WHAT NEEDS TO BE DONE =>
Please write out exactly the line containing "Ley de Contrato" below and every line after it, through the last one, but leave out any pictures.

INFORMATION SUPPLIED =>
======

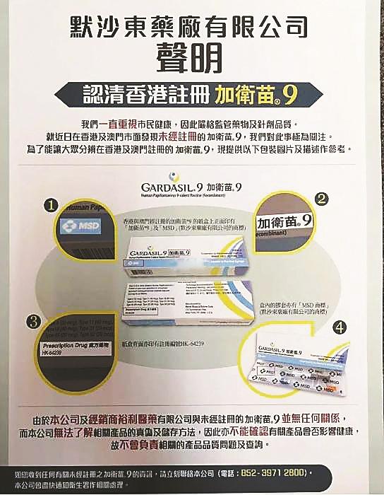早前,HPV(全稱人乳頭狀瘤病毒)九價(jià)疫苗生產(chǎn)商默沙東藥廠曾發(fā)出聲明,把其公司指定的代理商,從未供應(yīng)任何“HPV九價(jià)預(yù)防疫苗”(GARDASIL9加衛(wèi)苗9)予位于佐敦嘉賓商業(yè)大廈的環(huán)亞體檢集團(tuán)(最早被投訴給內(nèi)地客人打水貨疫苗的公司)。
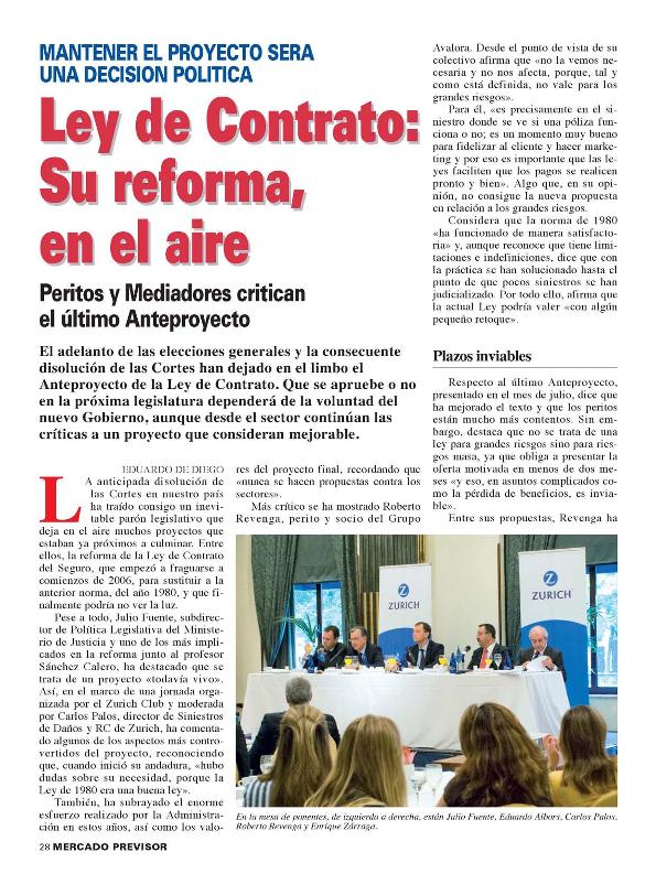 Ley de Contrato : su reforma, en el aire. peritos y mediadores critican su último anteproyecto
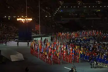 During the closing ceremony of the 2012 Summer Olympics in London, the flag bearers of 205 National Olympic Committees (NOCs) arrived into the main Olympic Stadium. The flags of each country were not necessarily carried by the same flag bearer as in the opening ceremony.
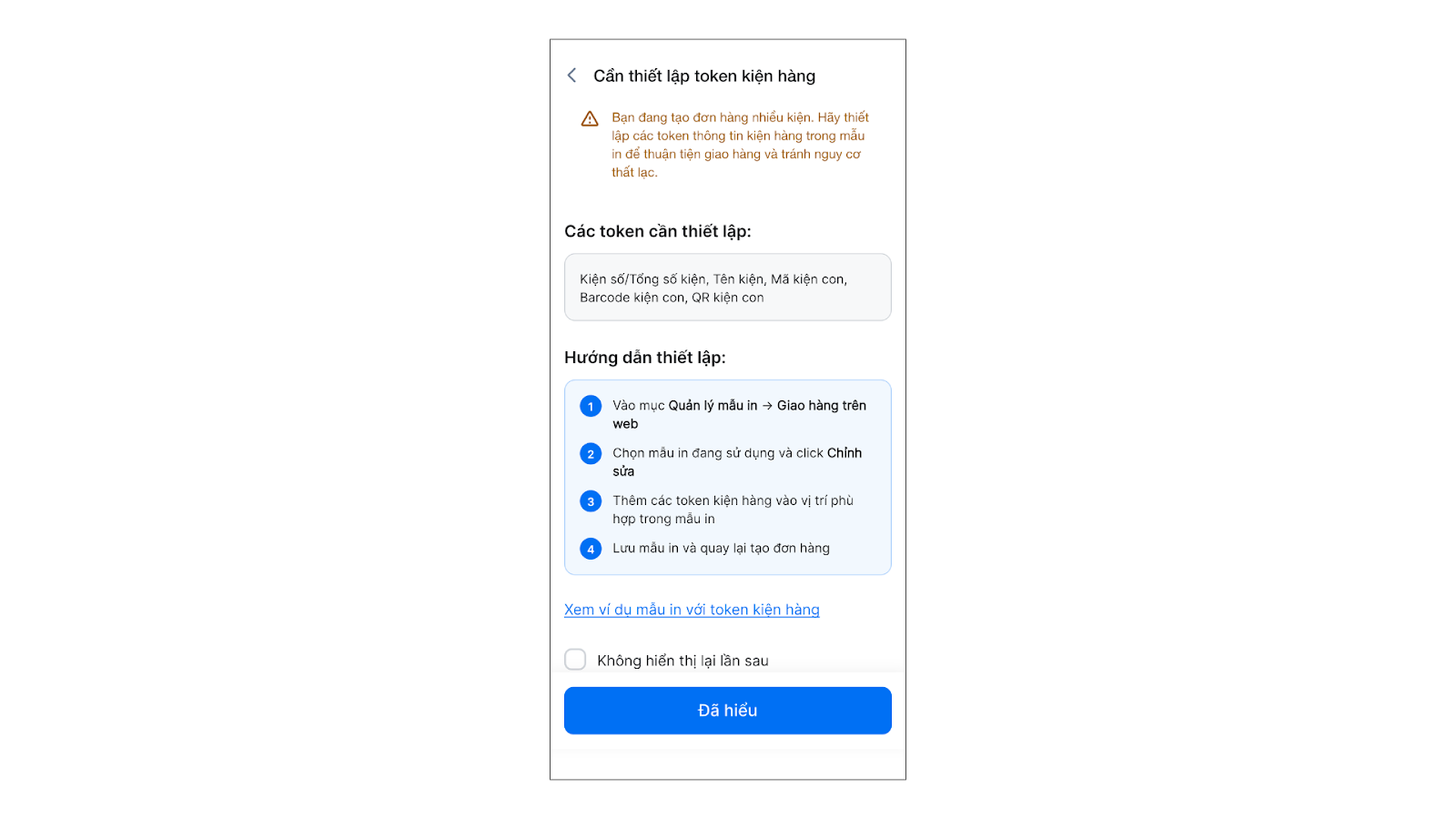 - Với 3 đơn hàng nhiều kiện đầu tiên, tương tự website, ứng dụng tự động hiển thị thêm popup Thiết lập token kiện hàng hướng dẫn thiết lập kèm ví dụ minh họa để bạn chỉnh sửa mẫu in. Bạn nhấn Đã hiểu.

======

PROBLEM SOLUTION =>
 Ley de Contrato : su reforma, en el aire. peritos y mediadores critican su último anteproyecto
 During the closing ceremony of the 2012 Summer Olympics in London, the flag bearers of 205 National Olympic Committees (NOCs) arrived into the main Olympic Stadium. The flags of each country were not necessarily carried by the same flag bearer as in the opening ceremony.
 - Với 3 đơn hàng nhiều kiện đầu tiên, tương tự website, ứng dụng tự động hiển thị thêm popup Thiết lập token kiện hàng hướng dẫn thiết lập kèm ví dụ minh họa để bạn chỉnh sửa mẫu in. Bạn nhấn Đã hiểu.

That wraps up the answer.